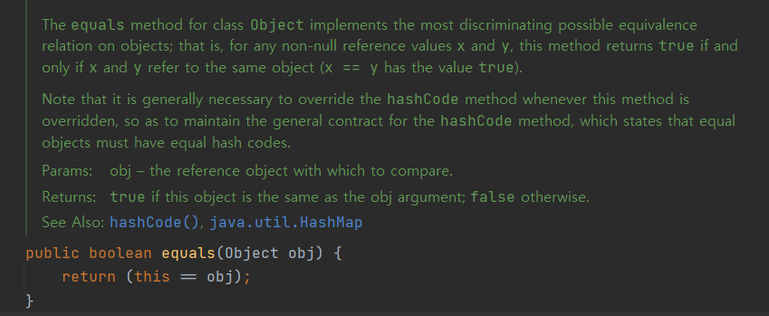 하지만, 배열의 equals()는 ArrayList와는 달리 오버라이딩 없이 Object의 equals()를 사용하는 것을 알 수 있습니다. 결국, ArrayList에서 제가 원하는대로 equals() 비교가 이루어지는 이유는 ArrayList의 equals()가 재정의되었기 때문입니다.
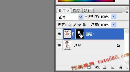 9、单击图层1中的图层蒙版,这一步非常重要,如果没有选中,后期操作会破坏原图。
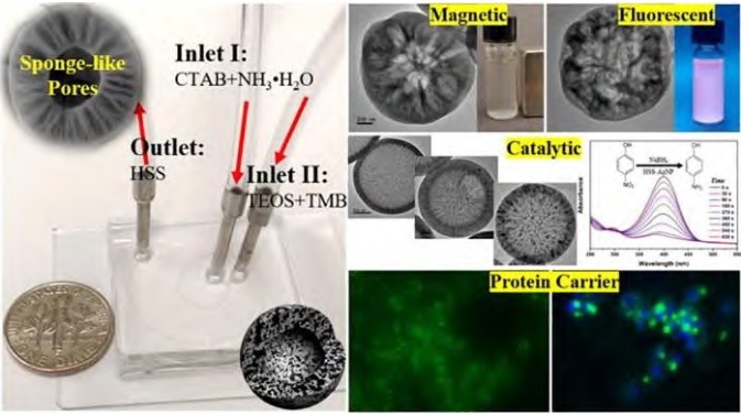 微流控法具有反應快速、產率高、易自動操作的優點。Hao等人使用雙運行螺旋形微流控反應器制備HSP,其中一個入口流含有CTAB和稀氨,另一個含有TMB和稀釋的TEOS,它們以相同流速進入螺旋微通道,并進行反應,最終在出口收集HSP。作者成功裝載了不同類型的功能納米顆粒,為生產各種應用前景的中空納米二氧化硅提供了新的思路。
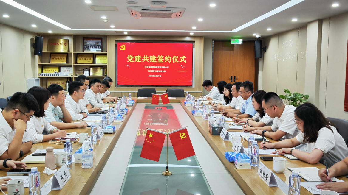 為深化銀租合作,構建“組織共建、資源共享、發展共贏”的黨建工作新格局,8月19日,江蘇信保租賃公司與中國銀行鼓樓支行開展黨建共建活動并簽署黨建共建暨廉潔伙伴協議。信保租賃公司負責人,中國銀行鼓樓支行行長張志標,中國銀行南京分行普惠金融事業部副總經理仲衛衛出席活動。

• [TASK DESCRIPTION] Pictures aside, reproduce all of the data exactly.

• [ANSWER SPACE]
 하지만, 배열의 equals()는 ArrayList와는 달리 오버라이딩 없이 Object의 equals()를 사용하는 것을 알 수 있습니다. 결국, ArrayList에서 제가 원하는대로 equals() 비교가 이루어지는 이유는 ArrayList의 equals()가 재정의되었기 때문입니다.
 9、单击图层1中的图层蒙版,这一步非常重要,如果没有选中,后期操作会破坏原图。
 微流控法具有反應快速、產率高、易自動操作的優點。Hao等人使用雙運行螺旋形微流控反應器制備HSP,其中一個入口流含有CTAB和稀氨,另一個含有TMB和稀釋的TEOS,它們以相同流速進入螺旋微通道,并進行反應,最終在出口收集HSP。作者成功裝載了不同類型的功能納米顆粒,為生產各種應用前景的中空納米二氧化硅提供了新的思路。
 為深化銀租合作,構建“組織共建、資源共享、發展共贏”的黨建工作新格局,8月19日,江蘇信保租賃公司與中國銀行鼓樓支行開展黨建共建活動并簽署黨建共建暨廉潔伙伴協議。信保租賃公司負責人,中國銀行鼓樓支行行長張志標,中國銀行南京分行普惠金融事業部副總經理仲衛衛出席活動。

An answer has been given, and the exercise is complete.